:: SOURCE DATA ::

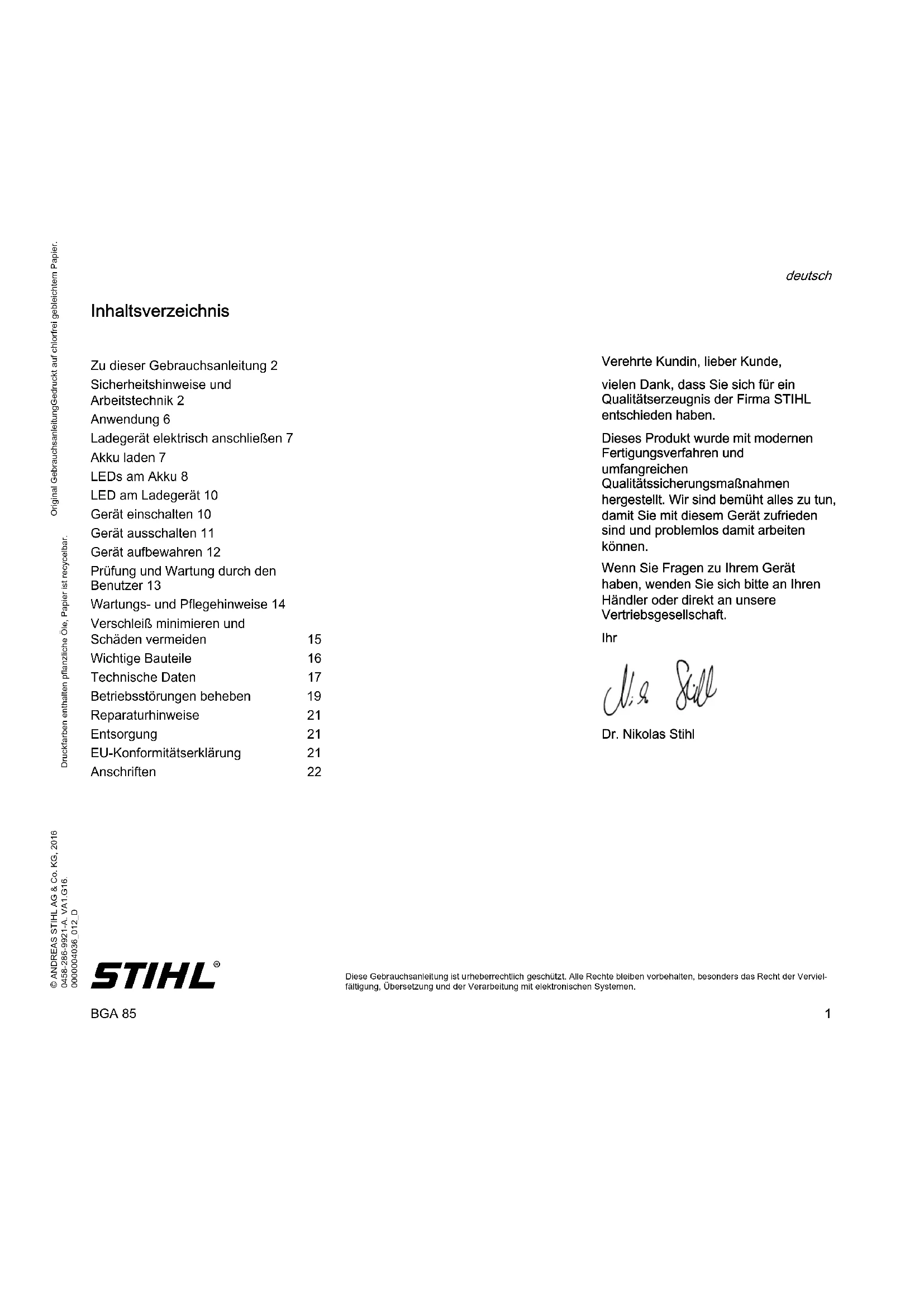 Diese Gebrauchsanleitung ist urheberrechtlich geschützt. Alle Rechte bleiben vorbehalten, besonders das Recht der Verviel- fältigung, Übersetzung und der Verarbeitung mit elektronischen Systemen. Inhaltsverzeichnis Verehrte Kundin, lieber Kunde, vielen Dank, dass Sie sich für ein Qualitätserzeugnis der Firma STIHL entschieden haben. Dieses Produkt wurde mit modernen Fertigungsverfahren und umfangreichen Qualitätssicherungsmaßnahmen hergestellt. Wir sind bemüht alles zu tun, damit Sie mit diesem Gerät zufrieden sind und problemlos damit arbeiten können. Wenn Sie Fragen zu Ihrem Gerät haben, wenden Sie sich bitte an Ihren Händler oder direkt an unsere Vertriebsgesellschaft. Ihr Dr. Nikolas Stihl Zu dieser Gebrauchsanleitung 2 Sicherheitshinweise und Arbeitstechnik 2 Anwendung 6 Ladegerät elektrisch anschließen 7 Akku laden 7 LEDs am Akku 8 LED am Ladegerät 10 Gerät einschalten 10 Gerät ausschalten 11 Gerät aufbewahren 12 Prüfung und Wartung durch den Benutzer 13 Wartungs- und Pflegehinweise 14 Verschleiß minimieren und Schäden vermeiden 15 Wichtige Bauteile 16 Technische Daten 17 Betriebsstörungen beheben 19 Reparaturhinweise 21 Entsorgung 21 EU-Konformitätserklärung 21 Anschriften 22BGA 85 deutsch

--

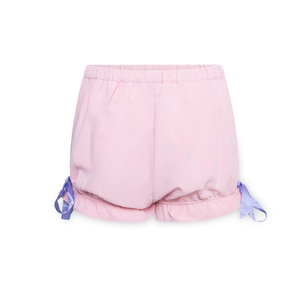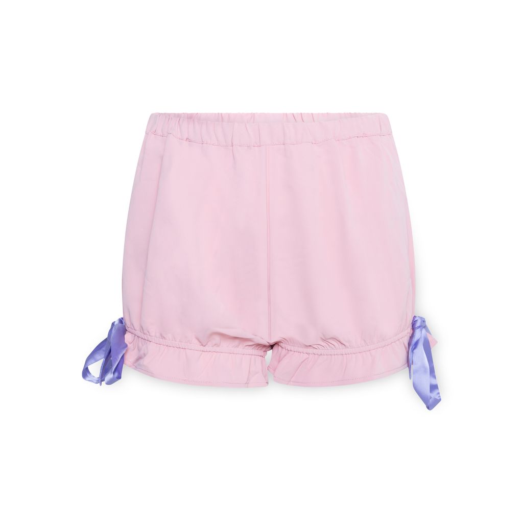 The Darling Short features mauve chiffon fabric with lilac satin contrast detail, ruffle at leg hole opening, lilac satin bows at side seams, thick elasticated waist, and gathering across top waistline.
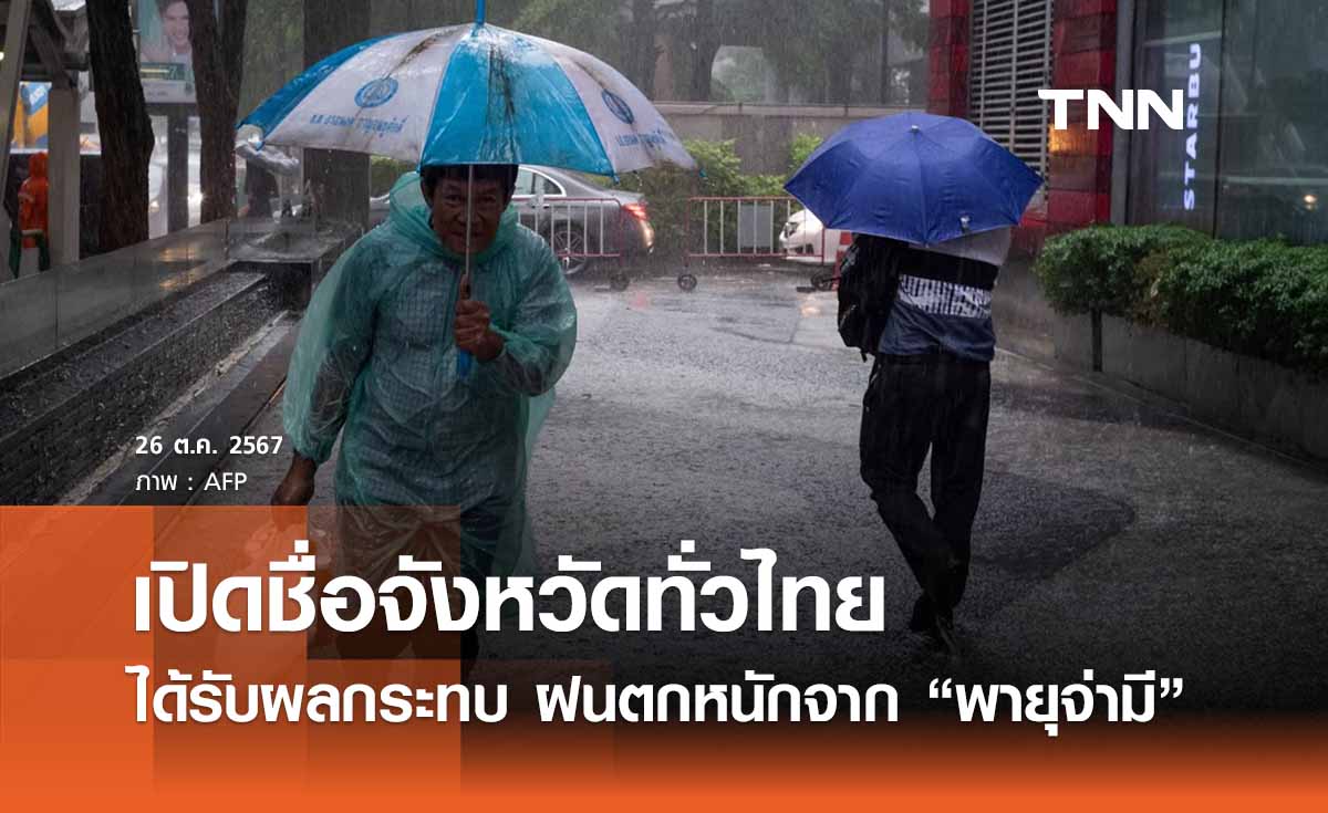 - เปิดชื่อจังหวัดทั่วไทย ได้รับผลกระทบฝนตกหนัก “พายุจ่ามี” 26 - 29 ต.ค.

:: YOUR TASK ::
Precisely those lines above that run from the line with "The Darling Short" up to and including the line with "- เปิดชื่อจังหวัดทั่วไทย ได้รับผลกระทบฝนตกหนัก" are to be set down, with the pictures omitted.

:: SOLUTION TO THIS PROBLEM ::
 The Darling Short features mauve chiffon fabric with lilac satin contrast detail, ruffle at leg hole opening, lilac satin bows at side seams, thick elasticated waist, and gathering across top waistline.
 - เปิดชื่อจังหวัดทั่วไทย ได้รับผลกระทบฝนตกหนัก “พายุจ่ามี” 26 - 29 ต.ค.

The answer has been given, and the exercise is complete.